Overall, the results are solid. Each result sounds phonetically like the audio.

# OpenAI Whisper

**Update**: In September 2022, [OpenAI Whisper](https://github.com/openai/whisper) was released bringing a dramatic improvement in transcription quality. 

These models will no doubt roll into the Hugging Face Transformers library and make it possible to use the standard txtai transcription pipeline. But as of now, the model is only available on GitHub.

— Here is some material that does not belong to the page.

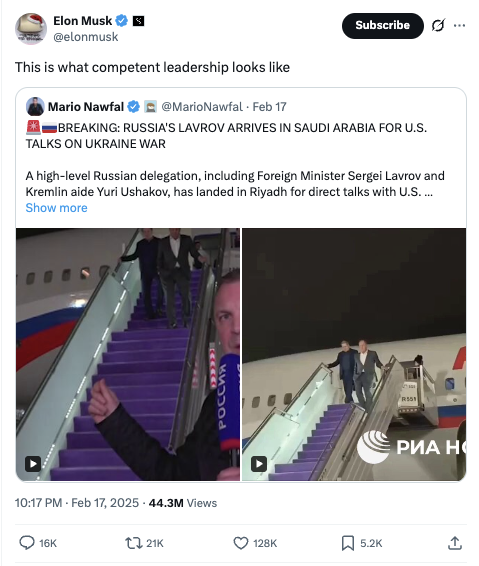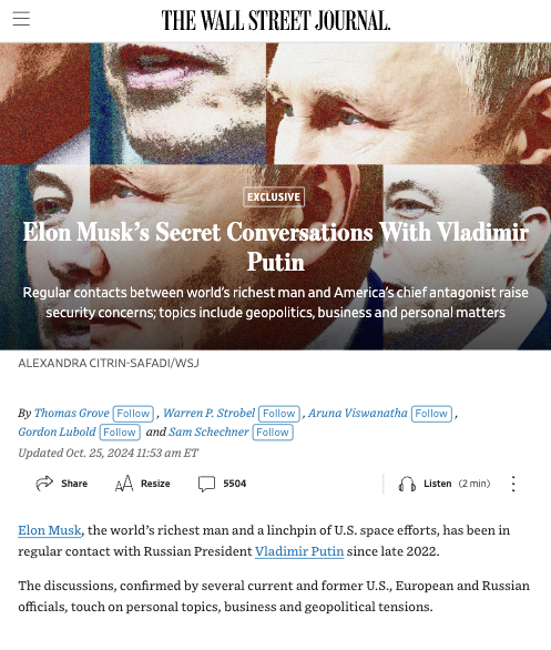 And does Musk have the best intentions? Is he immune from bias and foreign influence? While his father openly attends pro-Kremlin events, Musk praises Lavrov and passed out drunk in Moscow. His conversations with Putin, his pitching of verbatim vatnik talking points like…

Let's give it a try. 

In [4]:
%%capture
!pip install git+https://github.com/openai/whisper.git git+https://github.com/neuml/txtai#egg=txtai[api]

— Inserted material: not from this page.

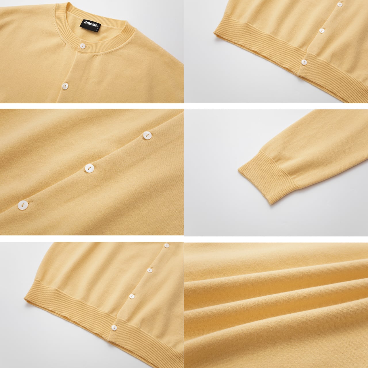 シンプルなデザインで、着回し力抜群の長袖ニットカーディガン。

Next we'll create a custom transcription pipeline using Whisper. We'll create the pipeline as a Python file so it can be used both in this Python instance and in an API instance.

In [5]:
%%writefile transcription.py
import whisper

# Create Whisper pipeline
class Transcription:
  def __init__(self, path="small"):
    self.model = whisper.load_model(path)

  def __call__(self, files):
    return [self.model.transcribe(f, fp16=False, language="english")["text"].strip() for f in files]

Writing transcription.py


Let's transcribe the files!

In [10]:
from transcription import Transcription

# Transcribe files
transcribe = Transcription()
for text in transcribe(files):
  print(text)

Beijing mobilizes invasion craft along coast as Taiwan tensions escalate.
Canada's last fully intact ice shelf has suddenly collapsed, forming a Manhattan sized iceberg.
Maine Man wins from lottery ticket.
make huge profits without working, make up to $100,000 a day.
National Park Service warns against sacrificing slower friends in a bear attack.
US virus cases top a million.


Results were transcribed with near perfect accuracy, amazing!

This can also be run as a txtai application or API instance. Let's try a full indexing workflow with a txtai application.

In [7]:
%%writefile workflow.yml
writable: true

embeddings:
  path: sentence-transformers/nli-mpnet-base-v2
  content: true

transcription.Transcription:

workflow:
  index:
    tasks:
      - transcription.Transcription
      - index

Writing workflow.yml


In [11]:
from txtai.app import Application

app = Application("workflow.yml")

list(app.workflow("index", files))
app.search("feel good story", 1)

[{'id': '2',
  'text': 'Maine Man wins from lottery ticket.',
  'score': 0.12858600914478302}]

This workflow transcribed the input files, loaded the transcriptions into an embeddings index and finally ran a search. Last thing we'll do is run the workflow as an API instance.

In [9]:
import os
os.system('!CONFIG=workflow.yml uvicorn "txtai.api:app" &> api.log &')
!sleep 30

# Run indexing workflow
!curl -s -o /dev/null \
  -X POST "http://localhost:8000/workflow" \
  -H "Content-Type: application/json" \
  -d '{"name":"index", "elements":["txtai/Beijing_mobilises.wav", "txtai/Canadas_last_fully.wav", "txtai/Maine_man_wins_1_mil.wav", "txtai/Make_huge_profits.wav", "txtai/The_National_Park.wav", "txtai/US_tops_5_million.wav"]}'

# Test API search
!curl "http://localhost:8000/search?query=feel+good+story&limit=1"

[{"id":"2","text":"Maine Man wins from lottery ticket.","score":0.12858600914478302}]

Once again, the same results as in Python and with an application.

# Wrapping up

There is a lot of development in the audio transcription space. Keep an eye out for when Whisper is mainstreamed as a Hugging Face model. In the meantime, it's only a couple of lines of code to create a custom pipeline and worth it given the accuracy bump!